Monday, May. 28, 1990

Discrimination An Outbreak of Bigotry

An epidemic of ethnic hatred is sweeping the world, dismaying and perplexing fair-minded people who are at a loss to explain it. Why are Jewish cemeteries in France and Italy being desecrated? Why are Turks in Bulgaria and Koreans in Japan viewed as infections in the national bloodstream? Why do Africa's Hutu and Tutsi tribes continue to slaughter one another? Social scientists are not much help with such questions. They generally regard ethnocentrism -- a preference for one's own group -- as an innate human characteristic, and they have produced little significant research on the virulent course these feelings often take.

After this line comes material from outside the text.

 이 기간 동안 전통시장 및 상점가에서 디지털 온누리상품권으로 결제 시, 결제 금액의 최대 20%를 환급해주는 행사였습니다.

The core of the problem seems to be the determination of almost every group to feel superior to others. In some countries, those emotions have been codified into discriminatory laws like South Africa's apartheid, but even without them, ethnic hatred can make itself felt. Traditionally, that attitude was labeled racism. But the term can hardly embrace attacks as diverse as those on black Americans in New York City, North African workers in Italy, Arab immigrants in France, Romanies (Gypsies) in Czechoslovakia, Hungarians in Romania. Very few Jews are left in Central Europe after Hitler's Holocaust, but the anti-Semitism that lay dormant under communist repression has sprung back to life. The best word to describe the whole sickening phenomenon may simply be bigotry.

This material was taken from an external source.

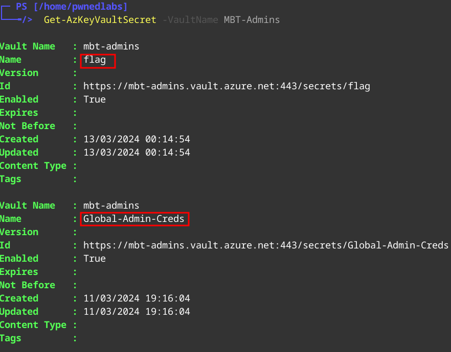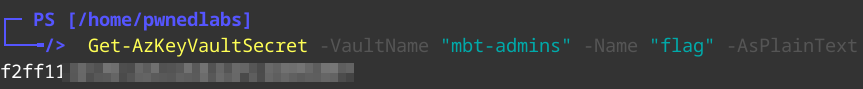 Get-AzKeyVaultSecret -VaultName "MBT-Admins" -Name "flag" -AsPlainText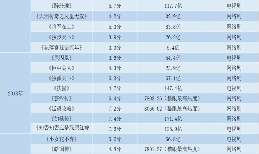 数量纵然可观,但质量却并不尽如人意。在上述30部大女主古装剧中,豆瓣评分在及格线之上的仅仅14部,最低的评分仅3.0分。另一方面,从近年来古装剧的播出形式,也不难看出市场对于大女主古装剧的一些态度。

; Countries like France and Japan don't perceive themselves as nations of bigots. Neither condones violence or the persecution of minorities. But both see themselves as possessing a certain superiority -- cultural in France, ethnic in Japan -- and they are uncomfortable with the presence of aliens. Such largely unspoken social attitudes frequently provide the grist for demagogic politicians to transform into blatantly racist actions and policies. But as the following reports also illustrate, the governments in Paris and Tokyo are increasingly aware of their problem and are trying to deal with both public outrages and long-standing prejudices.